Checking a Box

Below are the categories from the 1900 Census question asking about race and identity

  • White
  • Black
  • Chinese
  • Japanese
  • American Indian

Would you have been properly represented by these choices? The U.S. Census data has been collected since 1790. We know that race is a cultural and social construct because these categories on the census are constantly changing to represent the change in the way the U.S. government views the diversity of people in this country.

If you can convince the lowest white man he's better than the best colored man, he won't notice you're picking his pocket. Give him somebody to look down on, and he'll empty his pockets for you.

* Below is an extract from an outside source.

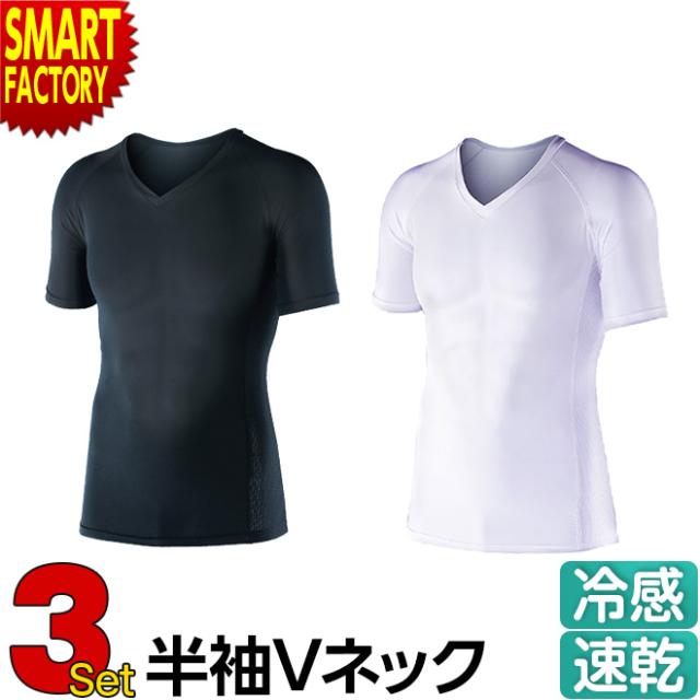 シャツ 3枚セット インナー メンズ 半袖 Vネック 接触冷感 吸汗速乾 UVカット

- Former President Lyndon B. Johnson


Social/Cultural Classifications

Social, or Cultural, Classifications is the process of grouping individuals based on different characteristics such as skin color, gender, and class. These groupings have historically served the purpose of creating hierarchies based on attributes that are out of a person’s control. This can still be observed to this day. The goal of social classifications, especially in the context of race, is to keep one group of people in power and in control.

MYTH:

Race is a scientific classification just like genus and species.

REALITY:

Race is not a scientifically valid form of classifying humans beyond Homo sapiens. The “one-drop rule” was a principle that stated a person with any Black ancestry, or had “one drop of Black blood”, was considered Black and was used to further discriminatory practices. This goes against the ideas used prior to the Civil War that stated people with less than one-quarter or one-eighth African ancestry were legally considered white. The definition of race has changed constantly to maintain and benefit the people in power.

Race was invented as a tool to keep some people in a position of power over others.

Social Classifications in the United States

In the early years of the United States, cheap labor was needed for the plantation economies to function. Creating racial groups based on skin color was an effective way of organizing plantation labor, and creating an economically and socially stratified system until the Civil War. This happened first in the agricultural sector, and then in the growing industrial sectors. An example of this was the kidnapping and enslavement of people from Western Africa to perform back-breaking agricultural labor. Another example is the 15,000+ Chinese, Irish, and Mormon immigrants who worked on the transcontinental railroads were paid much less than White workers for the same job. 

The concept and creation of race in the U.S. helped mask the extensive class stratification and structural inequality in the American economic system. Race has been used to exploit and divide the labor force, as well as to hide inequality based on class, national origin, gender, and religion.

This race-based system of social classification became a way of maintaining the political, economic, and social dominance of elite and mainly White, Protestant groups. The dominant elite has wanted to maintain this racial stratification in an age of shifting demographics. This has changed the definition of “whiteness” over time.

The initial definition of “White” was mostly established by Anglo-Saxon colonists during the 17th and 18th centuries. They decided people who did not share the same looks, language, or religion as them were inferior. This meant that even people who would be considered White today, like the Irish or Italian, did not share the same social classifications as they do today. 

Racial classifications have significant social, economic, political, legal, and other consequences. There is data to show that just by being Black or Latino, you will make less money than the average White person. Research shows that in some cases, people do not get jobs based on the sound of their voices, or even names. Denying housing due to a person’s race is outlawed but there is still Racial Steering, or the urging of ethnic groups to live in places based on their identity. While race is not real, it does have real impacts on people’s lives because of a system that was designed to maintain a social hierarchy.